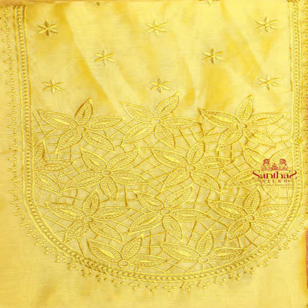 LEMON YELLOW SEMI TUSSAR UNSTITCHED SALWAR SUIT Top - 2.25 meters Bottom - 2 meters Shawl - 2.25 meters
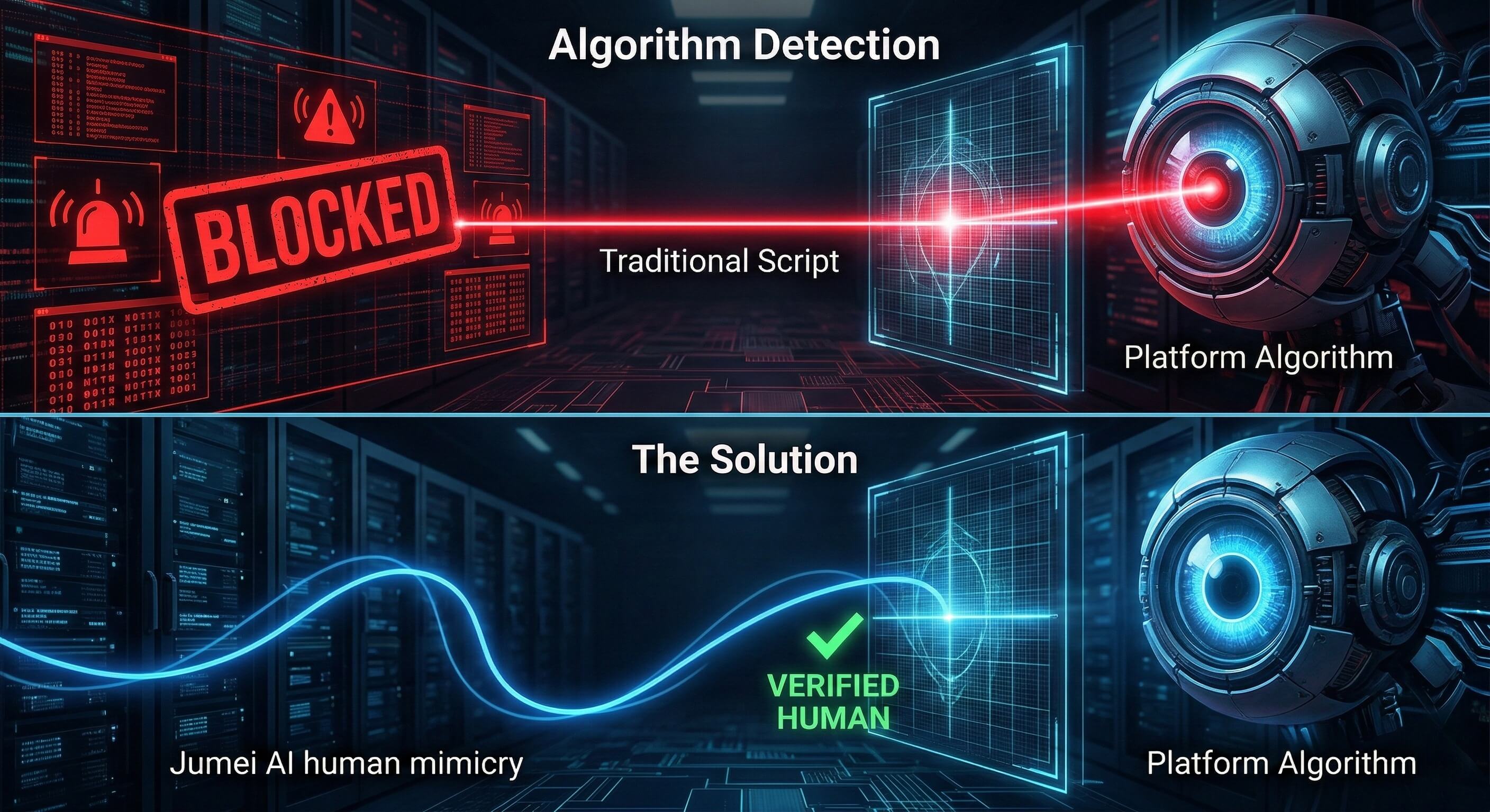 Q5:平台的风控还会升级,你们的技术会过时吗? A: 网络安全永远是“道高一尺,魔高一丈”的动态博弈。传统的工具之所以过时,是因为它们的架构太死板。Jumei.ai 的核心团队持续监控各大平台的 SDK 更新和风控模型变化。我们的云端架构允许我们在服务端实时下发新的底层对抗补丁和行为模型更新。用户无需下载任何更新包,即可时刻保持最前沿的防封能力。
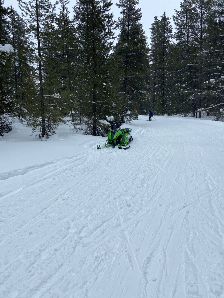 I was skating along when a snowmachine pulled up with Zach and Sam on it. I stopped and we chatted for a bit, offering them my sour patch kids, they told me I was close to the finish. I told them about the day and they told me where they were headed to ski. Sam said his machine had broken down about 100 yards from the finish so when I saw it I would know I was close. I thanked them and headed back on my way. It was around here that I thought about switching skis, my right leg had been attached to the heel piece for all of skating but my left leg was stronger so thought by switching maybe I would get a little further each time. I stopped and switched skis with my right heel being free now. I went to push off and it was like my brain stopped working, I could not go forward with any grace. I started laughing, how is this happening. I switched my skis back and wondered if anyone just saw the calamity. I started skating again and saw the course deviate a bit, I took my glove off to grab some sour patch kids and when I went to put it back on I couldn’t find it. I looked behind me and some lady said she would grab it, I stopped and waited offering her candy in exchange for my glove which she took some candy. I got up a short pitch and a woman on a fatbike rode by saying the finish was just around the corner and all downhill from there. I was skeptical but then I saw Sam’s snowmachine.
* * * * *
→ **WHAT THE TASK ASKS**: The data must be reproduced exactly, and no picture may appear in the copy.

→ **TASK RESPONSE**:
 LEMON YELLOW SEMI TUSSAR UNSTITCHED SALWAR SUIT Top - 2.25 meters Bottom - 2 meters Shawl - 2.25 meters
 Q5:平台的风控还会升级,你们的技术会过时吗? A: 网络安全永远是“道高一尺,魔高一丈”的动态博弈。传统的工具之所以过时,是因为它们的架构太死板。Jumei.ai 的核心团队持续监控各大平台的 SDK 更新和风控模型变化。我们的云端架构允许我们在服务端实时下发新的底层对抗补丁和行为模型更新。用户无需下载任何更新包,即可时刻保持最前沿的防封能力。
 I was skating along when a snowmachine pulled up with Zach and Sam on it. I stopped and we chatted for a bit, offering them my sour patch kids, they told me I was close to the finish. I told them about the day and they told me where they were headed to ski. Sam said his machine had broken down about 100 yards from the finish so when I saw it I would know I was close. I thanked them and headed back on my way. It was around here that I thought about switching skis, my right leg had been attached to the heel piece for all of skating but my left leg was stronger so thought by switching maybe I would get a little further each time. I stopped and switched skis with my right heel being free now. I went to push off and it was like my brain stopped working, I could not go forward with any grace. I started laughing, how is this happening. I switched my skis back and wondered if anyone just saw the calamity. I started skating again and saw the course deviate a bit, I took my glove off to grab some sour patch kids and when I went to put it back on I couldn’t find it. I looked behind me and some lady said she would grab it, I stopped and waited offering her candy in exchange for my glove which she took some candy. I got up a short pitch and a woman on a fatbike rode by saying the finish was just around the corner and all downhill from there. I was skeptical but then I saw Sam’s snowmachine.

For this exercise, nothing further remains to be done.